The levelling up secretary, Michael Gove, has told the Commons that his upcoming Levelling Up and Regeneration Bill is to be based around 12 interrelated missions. These include increasing healthy life expectancy everywhere by five years by 2035; increasing pay, productivity and employment everywhere by 2030; a big push for reducing crime, focusing on the most disadvantaged areas; and offering mayors and far-reaching devolution powers to any region that wants it.
There are plans to eliminate illiteracy and innumeracy by refocusing education spending towards the poorest areas, as well as policies to improve transport, home ownership, broadband and research and development. The government has also confirmed that Wolverhampton and Sheffield will be the first two areas of 20 to receive money from a £1.5 billion brownfield fund to help drive regeneration in former industrial areas.
So what does all this add up to? We asked finance and economy specialist Steve Schifferes to react.
How did we get to this point?
UK governments have been struggling on how to address regional economic disparities with limited success for the past 100 years. In the 1930s, the government designated for extra assistance some “special areas” – including Tyneside, south Wales and Scotland, which had been blighted by mass unemployment.
While regional disparities diminished during the economic boom in the 1950s, they returned with the de-industrialisation that came to a head under Margaret Thatcher in the 1980s.
In the next 40 years, both Conservative and Labour governments introduced a number of schemes to tackle this issue but with only limited impact. These included enterprise zones with tax benefits to encourage inward investment – which led to Nissan moving to Sunderland in 1984, Toyota to Derby in 1992 and LG Corporation to south Wales in 1996.
In the New Labour era, regional development agencies were created to plan and promote regional economic growth. These were replaced by the 2010 coalition government by local enterprise partnerships and a Regional Growth Fund. These continued under Theresa May, who defined her purpose as “making Britain a country that works for everyone” focusing on the those who were “just managing”.
What do you make of the new strategy?
What’s striking is the tremendous variation in scope of its key objectives. You have huge and very welcome ambitions such as reducing the gap in healthy life expectancy, boosting productivity and reducing crime in the poorest areas. But it’s not quite clear how these will be realised, and having goals for 2030 or 2035 are too far in the future to hold this government to account.
But at the same time, some of the 12 missions are much more limited, such as 200,000 more people completing high-quality skills training in England each year. I question how this list was drawn up and whether some departments have different approaches to others – I don’t get a sense of a coherent central strategy.

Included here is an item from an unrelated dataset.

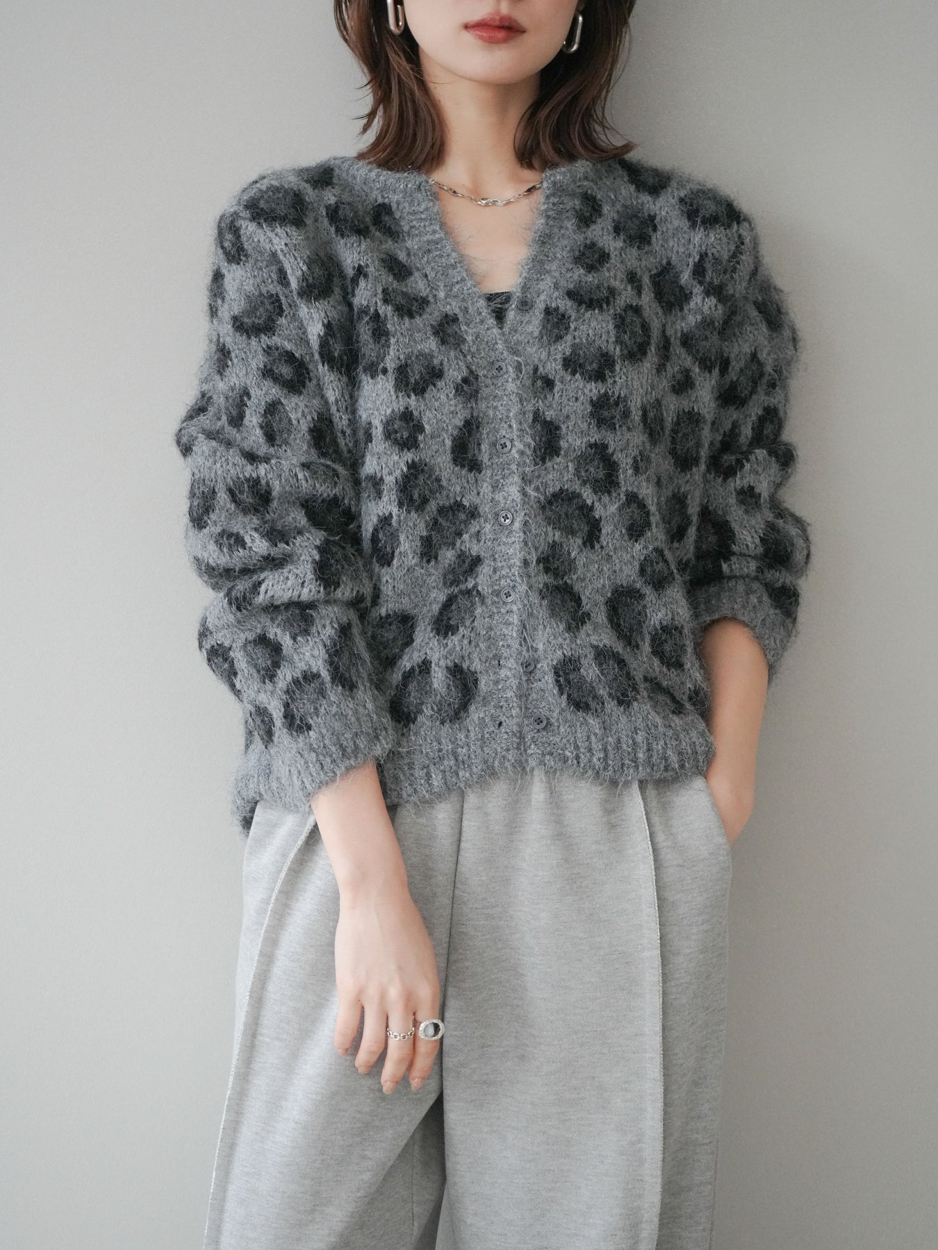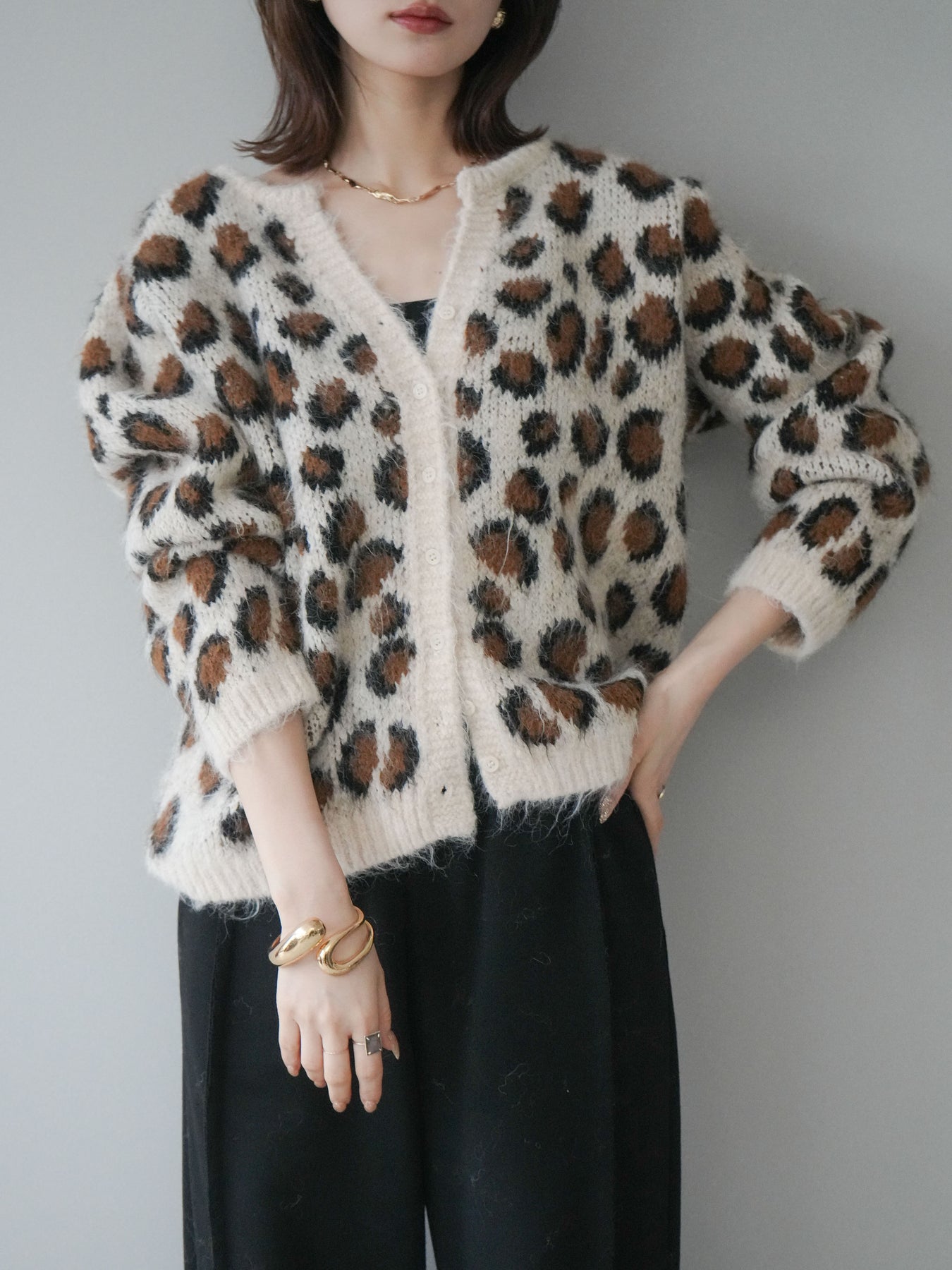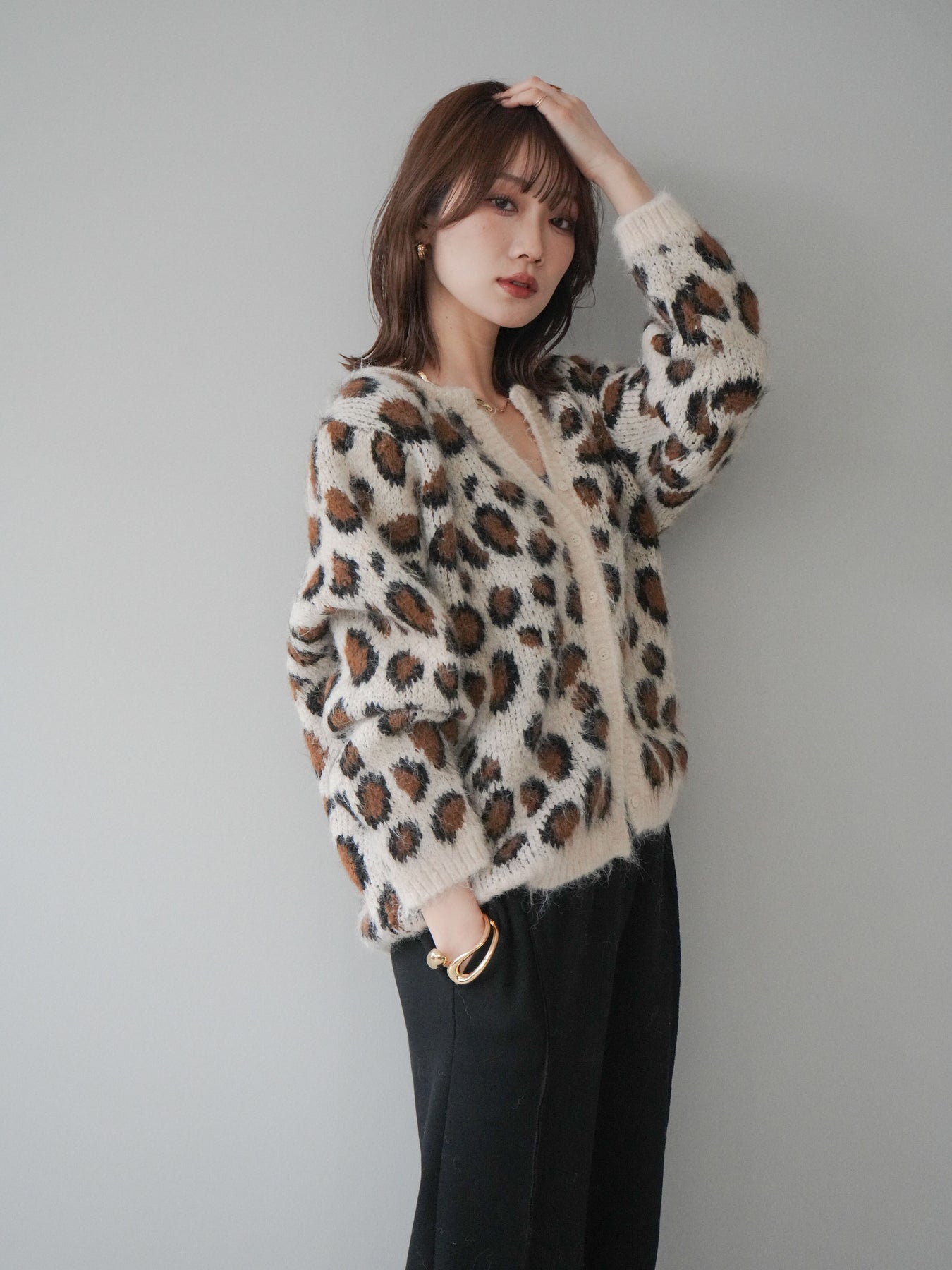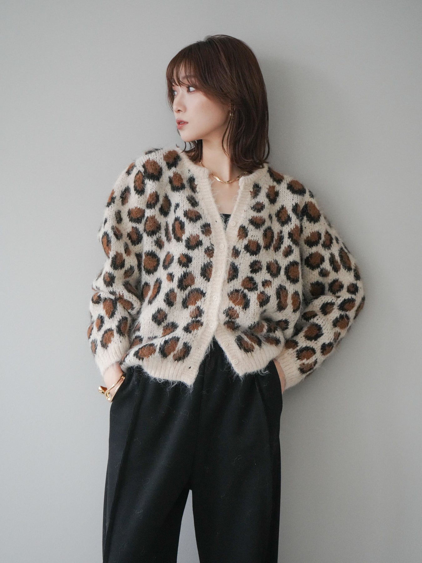 ◆ [予約]モヘアタッチレオパード柄ニットカーディガン

Some ambitions are very vague, such as increasing people’s “pride of place”. That’s difficult to measure and it’s hard to know what success would look like. And other measures, such as long-term investment in social as well as physical infrastructure, have been left out.
Another issue is that this strategy is all about disparities between regions, not within them. But the disparities between the richest and poorest within big cities such as Glasgow or London are bigger than those between the richest and poorest regions.

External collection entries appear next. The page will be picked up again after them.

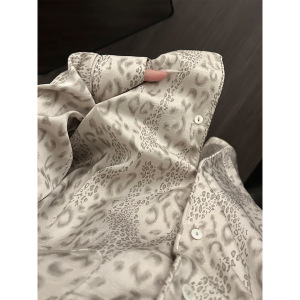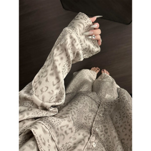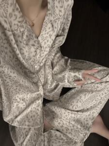 韩系豹纹设计冰丝睡衣女早秋新款大码锻面长袖长裤家居服套装ins
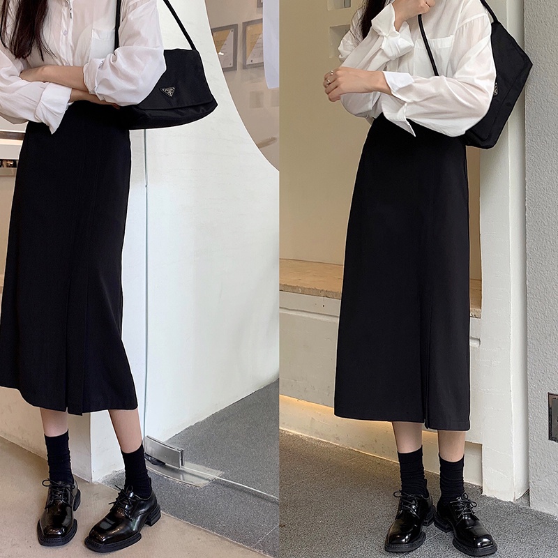 Giới thiệu Chân váy xếp li dài lưng cao hàn quốc có khóa kéo sau, li lệch 68cm
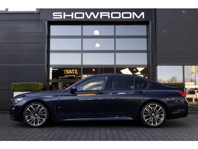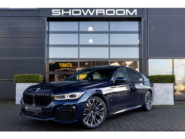 In nieuwstaat verkerende BMW 745e met M-Sport pakket, adaptieve cruise control, luchtvering, H&K Audio met DAB radio, Shadow line zwarte details, te allen tijde bij BMW dealer onderhouden, niet rokersauto. Plug-in hybride; 8 versn., Automaat; 4WD; Bandenmaat: 245/50 R18; 293 kW; 6 cilinders; 2.998cc; Gewicht: 1.970kg; Laadvermogen: 685kg; GVW: 2.655kg; LxBxH: 512x190x147cm; Wielbasis: 307cm; Accu: 11kWh; Accu laden: Type 2, 1-fase, 3.7 kW; 0-100 km/h: 5,2s; Topsnelheid: 250km/u; 5 zitplaatsen; 1,8 l/100km; 23,333333333333 kWh/100km; 50 g/km CO₂; Energielabel A; Euro 6; Dealer onderhouden (onderhoudsboekjes aanwezig); APK: tot jun. 2026; Wegenbelasting: € 387-€ 423p/kwrt

In other words, this strategy doesn’t look much at income inequality, which is the key to tackling inequalities in health and education. Helping poor people who, faced with cuts in universal credit, are struggling to afford good food, childcare or access to early years education, will be crucial to improving their families’ life chances. This is why it is important to prioritise reducing income inequalities within regions too.

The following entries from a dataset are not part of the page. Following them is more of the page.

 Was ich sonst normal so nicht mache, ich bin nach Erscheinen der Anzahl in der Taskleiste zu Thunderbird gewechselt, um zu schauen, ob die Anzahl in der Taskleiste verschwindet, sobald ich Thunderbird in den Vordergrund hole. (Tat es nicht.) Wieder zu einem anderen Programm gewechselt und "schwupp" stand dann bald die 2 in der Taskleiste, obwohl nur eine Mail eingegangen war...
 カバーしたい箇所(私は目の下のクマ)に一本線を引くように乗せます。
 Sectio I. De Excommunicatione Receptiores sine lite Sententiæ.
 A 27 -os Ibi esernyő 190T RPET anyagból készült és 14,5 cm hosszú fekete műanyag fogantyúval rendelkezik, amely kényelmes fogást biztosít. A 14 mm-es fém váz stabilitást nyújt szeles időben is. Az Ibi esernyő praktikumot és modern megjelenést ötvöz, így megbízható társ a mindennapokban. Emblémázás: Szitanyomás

Will more devolution help levelling up?
The government is certainly putting a big emphasis on the value of devolving more powers to new regional units of local government. Yet its thinking seems unclear because it is letting every area decide exactly what new powers – if any – it wants. Also, the government isn’t proposing any extra money to restore the years of cuts to local government spending, or any extra powers for local authorities to raise or borrow more money themselves.
The Treasury is also keeping control of any new funding streams, which will be doled out on a discretionary basis. This is a curious way of devolving more power. There are already fears that this will become about patronage, with the government prioritising its constituencies in the traditional “red wall” seats in the north of England that it won in 2019.
Are Labour right about the lack of money?
It certainly appears that way. The government, particularly the Treasury, has refused to commit any extra money for levelling up, apart from that already announced in the 2021 spending review, which sets government spending for the next three years from this coming April.
When asked about money on the BBC Radio 4 Today programme, Michael Gove quoted The Rolling Stones song, You Can’t Always Get What You Want. It sounded like an acknowledgement of the limits of his ambition. And yet, as government levelling up advisor Andy Haldane pointed out after looking into Germany’s attempts to bring up the east after reunification, even after a huge long-term project involving more than £1 trillion over three decades, the gap is still proving difficult to shift.
The lack of Treasury buy-in also makes me wonder about whether Gove has enough clout to succeed. His department is traditionally not a powerful one, and it needs to persuade other departments to make fundamental policy shifts to fulfil his brief, which could be challenging. For example, will spending on public health and prevention – a key to improving healthy life expectancy – be substantially increased at a time when the health secretary’s main priority is arguably resolving problems in acute care?